The treated animals received a single intraperitoneal administration of either test substance or cyclophosphamide (positive control). The femoral marrow of groups treated with test substance was prepared 16, 24 and 48 hours after administration. All negative and positive control animals were sacrificed after 24 hours. The doses of test substance and positive control were 15 and 20 mg/kg bw, respectively. The animals treated with test substance showed symptoms of toxicity after administration. One of the forty animals died before the end of the test due to the acute inraperitoneal toxicity of 15 mg/kg test substance. There was weekly altered ratio between polychromatic and normochromatic erythrocytes.

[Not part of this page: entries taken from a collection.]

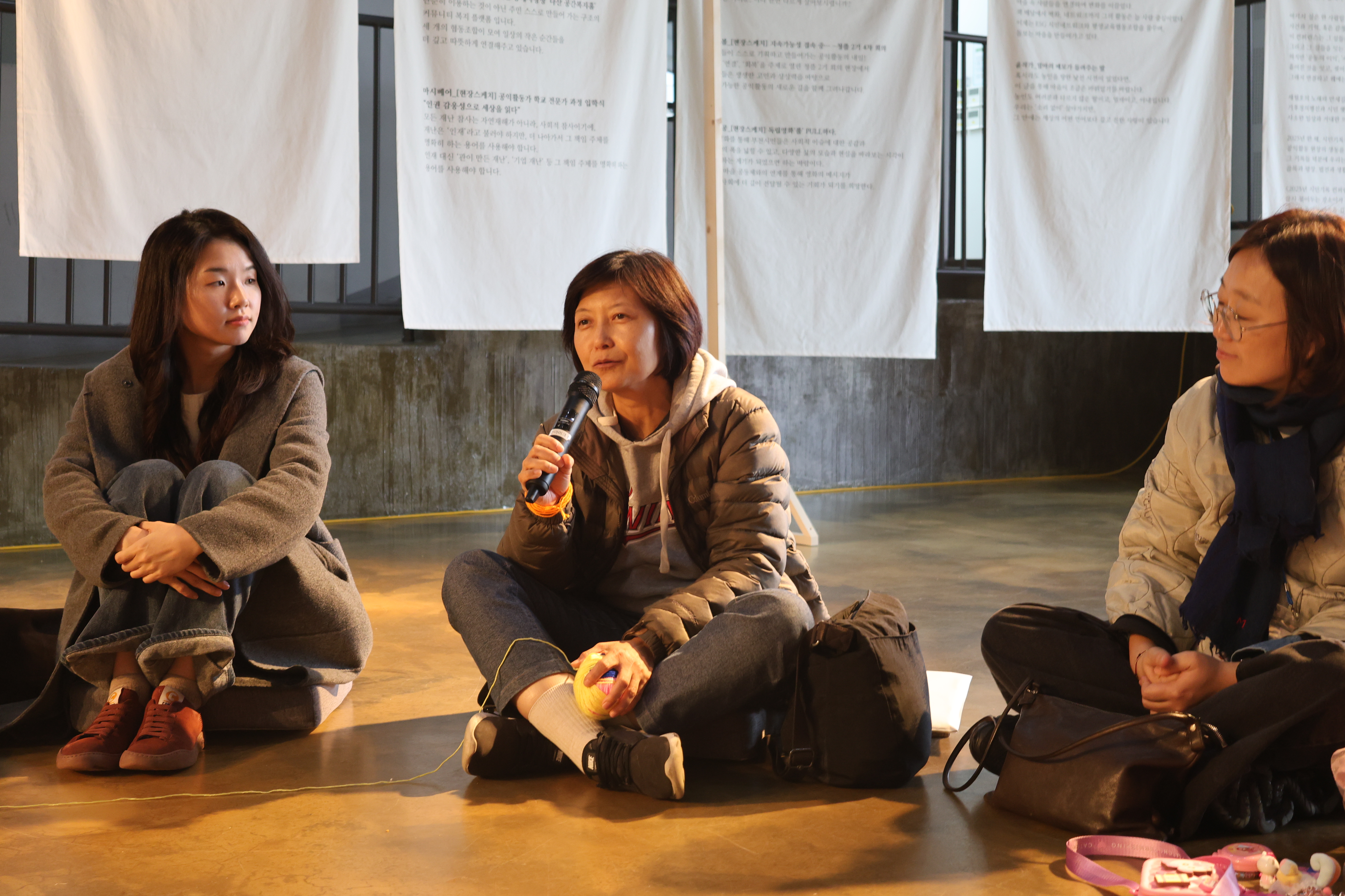함께 토크쇼에 참여한 꿀벌 에디터님의 이야기 중에서는 글쓰기를 ‘침묵에 길들여진 여성’으로서 자신을 깨는 하나의 방식임을 역설한 부분이 가장 인상적이었습니다. 자기 해소 과정으로서의 글쓰기에 관해 들으면서 많은 참가자가 기록과 기록자의 역할에 대해서 다시금 곱씹게 되었답니다.
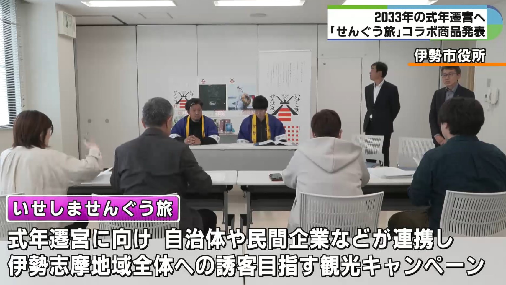 2033年に予定されている伊勢神宮の式年遷宮に向けて、伊勢志摩地域への誘客を目指す観光キャンペーン「いせしませんぐう旅」とコラボした商品の発表会が28日、三重県伊勢市で開かれました。
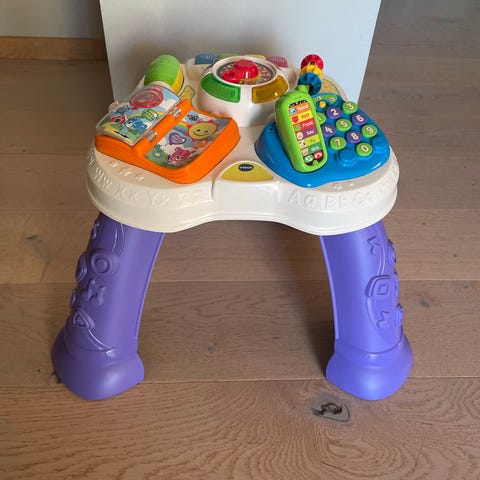 Vtech aktivitetsbord for barn. Bordet har flere fargerike aktivitetsflater med knapper, bokside, talltastatur og andre elementer som kan trykkes og vris på. Utformet for små barn som kan stå eller støtte seg mot bordet. Egnet som lekebord innendørs. Lyd og alt fungerer. Ny pris er 649,- på extra leker

The results with the test substance gave no relevant indications of clastogenic effects after single intraperitoneal treatment with 15 mg/kg. The known mutagen and clastogen, cyclophosphamide, had a clear clastogenic effect at an intraperitoneal dose of 20 mg/kg bw. The number of micronucleated polychromatic erythrocytes increased to a biologically relevant degree.

The number of microncleated normochromatic erythrocytes did not increase relevantly in any of the groups. The test substance was judged to be not clastogenic in vivo.